Умноженное мифологемой свободы, идеологическими запретами на любое начинание, которое могло бы поставить собственную экономику в зависимость от неприятеля, небрежение развитием производительных сил – вот далеко не последняя из причин, определивших упадок полиса.
Экономическое разорение землевладельцев и общее сокращение земельных участков приводит к тому, что прежнее равенство отходит в область преданий. В Спарте появляются весьма богатые граждане, об этом говорит увлечение спартанцев коневодством и участие их в конных агонах в Олимпии; причём их участники, как правило, представители одних и тех же семей. Между тем, содержание лошадей – это знак большого богатства: «Замечая, как некоторые из граждан гордятся и чванятся тем, что выкармливают коней для ристалищ, – пишет Плутарх, – Агесилай уговорил сестру свою Киниску отправить колесницу для участия в олимпийских состязаниях. Этим он хотел показать грекам, что подобная победа не требует никакой доблести, а лишь богатства и расточительности».[157] Об этом же говорит и Геродот.[158] Рядом же с классом богатых встаёт толпа обедневших спартиатов, которые лишились гражданского полноправия вследствие экономической слабости, невозможности отбывать государственные повинности и участвовать в сисситиях (совместных трапезах). Многие из них теперь живут в имениях богачей, занимаясь прежде запрещённым спартанцам ручным трудом. Другие эмигрируют и поступают в наёмники. Целые толпища таких эмигрантов бродят по всей ойкумене, нанимаясь к кому угодно и нередко воюя друг против друга в составе иноземных формирований.
Впрочем, справедливость требует сказать, что спартиатам долгое время было запрещено участвовать в наёмных формированиях за границей в качестве простых солдат, но при этом отнюдь не возбранялось занимать офицерские должности. Между тем в толковых командирах нуждалось каждое из таких формирований, бродячих наёмных контингентов, как уже сказано, было великое множество, так что вакансий было вполне достаточно.

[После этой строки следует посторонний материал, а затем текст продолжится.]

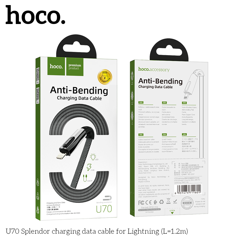 Cáp dữ liệu sạc Hoco U70 Splendor cho iPhone

Да и для Спарты откомандирование своих представителей было достойной формой утверждения собственного авторитета в греческом мире; военный авторитет был и в самом деле высок, поэтому присутствие лакедемонян в отряде поднимало и его рейтинг. Конечно, на должность стратегов посылались только видные члены общины, но общая потребность в командирах среднего звена не могла быть удовлетворена ими.
К слову, в корпусе, поход вглубь страны и отступление которого запечатлены в «Анабасисе», присутствуют и спартанцы: 800 спартанских воинов под предводительством Хирисофа были посланы Киру Спартой в ответ на его просьбу о помощи. Решив начать войну, Кир «пишет лакедемонянам, призывая их оказать ему поддержку и прислать воинов, и тем, кто придёт пешим, обещает коней, кто явится верхом – парные запряжки, тем, у кого есть поле, он даст деревню, у кого деревня – даст город, а жалование солдатам будет не отсчитывать, но отмерять меркою!».[159] Правда, это род государственной политики, а не частный поиск, но и здесь все решают персидские деньги – спартанские гоплиты, пусть и централизованно, направляются на все те же «заработки».
Всё это заставляет спартанское правительство усиленно привлекать к военной службе периэков и даже илотов; приходится массами освобождать последних и делать их гоплитами. Однако гоплит грозен врагу не только своей исключительной военной выучкой, которая шлифуется на протяжении всей его жизни, но и особым («яростным», по определению Платона) духом, формируемым атмосферой победоносного братства. Вчерашний же раб или даже просто униженный былым неполноправием человек по вполне понятным причинам не обладает ни тем, ни другим. Да и свободнорождённые герои никогда не примут как равного вчерашнего раба. Так что победоносная когда-то фаланга если и не сокращается количественно, то во всяком случае перерождается качественно.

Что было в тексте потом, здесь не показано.